Raised by attentive foster parents, Love said, he did well in elementary school but began to lose focus in middle school, "when things turned kind of sour with the bullies." He changed schools and entered Roosevelt, where girls and parties were a new distraction. He won promotion to the 12th grade but decided to follow in the footsteps of his foster father, a construction worker.

"It was easy to get a job at the snap of a finger back then," Love said. "I was thinking, 'Get a job. Buy a car. I'm an adult now.' "

Briefly married in his 20s, Love has two sons, Prince Lord, now 20, and Isaac Jr., now 18. He lost touch with them for a time after the divorce and went back to the bachelor's life. He was working for a D.C. staffing agency, temporarily assigned to a commercial garbage truck, when the accident occurred in Bethesda.

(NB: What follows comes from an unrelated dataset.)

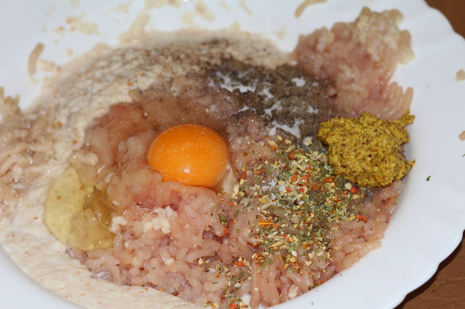 10. На мясорубке со средней решеткой прокрутить куриное филе, чеснок и хлеб. Добавить яйцо, горчицу, соль, перец черный молотый и приправу для курицы.

"After I lost my leg, I realized what a whole lot of college athletes hear after a big injury: You still have your mind," Love said. "Had I finished that 12th grade, I probably could have carried that to an employer and been more prepared to get an office position."

Love was lucky. Insurance covered most of his expenses, and he won a large jury verdict against the trash hauler, USA Waste of Maryland, in 2004. The case is on appeal.

But Love wanted to work. An insurance case manager provided job leads, "but as hard as I applied, I never got hired," Love said. "So I decided to devote my total concentration to the GED."

It took him nearly 2 1/2 years. He spent a year on reading comprehension. Another nine months were devoted to math. Love went to class for four hours almost every day, then worked on his own for three or four hours more.

"It was like any form of exercise," he said. "That's the way I felt: I'm getting strong mentally working out with these books and skills."

Love sat for the GED three times, earning a passing score on the final section in December 2005. He's already thinking about college, perhaps UDC. In the meantime, he's looking forward to Saturday's graduation ceremony, a rite of passage his sons already have experienced.

"After seeing them graduate," Love said, "I thought it would be interesting to walk across the stage."